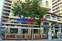 Nordsee was founded in 1896 as "German steam-fishery company Nordsee" (German: Deutsche Dampffischerei-Gesellschaft Nordsee) to supply seafood from the North Sea to the residents of Bremen.[2] In 1964 the company opened restaurant type retail shops offering meals prepared from seafood in addition to raw seafood. This concept, known as Nordsee Quick, was a huge success as nearly 300 shops opened within 2 years.[3] In 1998, the company sold the fishery division known as Deutsche See to allow for more focus towards seafood retailing. The new focus was demonstrated with the introduction of locations serving smaller, quicker takeout meals in the following year.
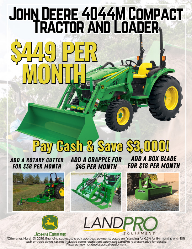 *Offer ends March 31, 2026, financing subject to credit approval, payments based on financing for 0.9% for 84 months, with 10% cash or trade down, tax not included some restrictions apply, see LandPro representative for details. Pictures may not depict actual equipment
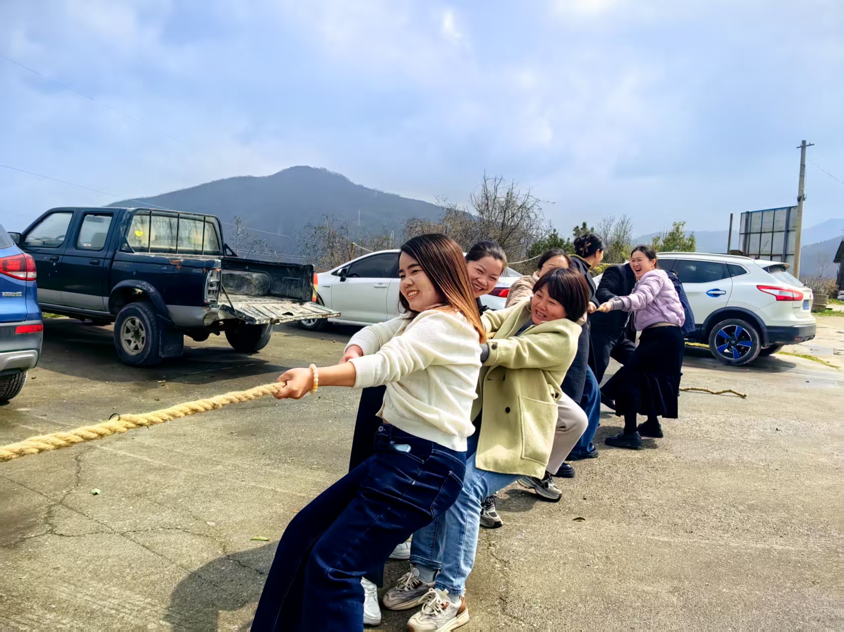 在大石村东茂山楂园,女干部们参观了新建的旅游民宿,细细品味传统住宅的特色装修风格,并在网红打卡墙前合影留念。参观结束后,趣味运动会在园区合作社正式拉开帷幕。

- - - -

● YOUR INSTRUCTIONS:
Repeat the material above exactly. Leave every picture out of it.

● ANSWER SECTION:
 Nordsee was founded in 1896 as "German steam-fishery company Nordsee" (German: Deutsche Dampffischerei-Gesellschaft Nordsee) to supply seafood from the North Sea to the residents of Bremen.[2] In 1964 the company opened restaurant type retail shops offering meals prepared from seafood in addition to raw seafood. This concept, known as Nordsee Quick, was a huge success as nearly 300 shops opened within 2 years.[3] In 1998, the company sold the fishery division known as Deutsche See to allow for more focus towards seafood retailing. The new focus was demonstrated with the introduction of locations serving smaller, quicker takeout meals in the following year.
 *Offer ends March 31, 2026, financing subject to credit approval, payments based on financing for 0.9% for 84 months, with 10% cash or trade down, tax not included some restrictions apply, see LandPro representative for details. Pictures may not depict actual equipment
 在大石村东茂山楂园,女干部们参观了新建的旅游民宿,细细品味传统住宅的特色装修风格,并在网红打卡墙前合影留念。参观结束后,趣味运动会在园区合作社正式拉开帷幕。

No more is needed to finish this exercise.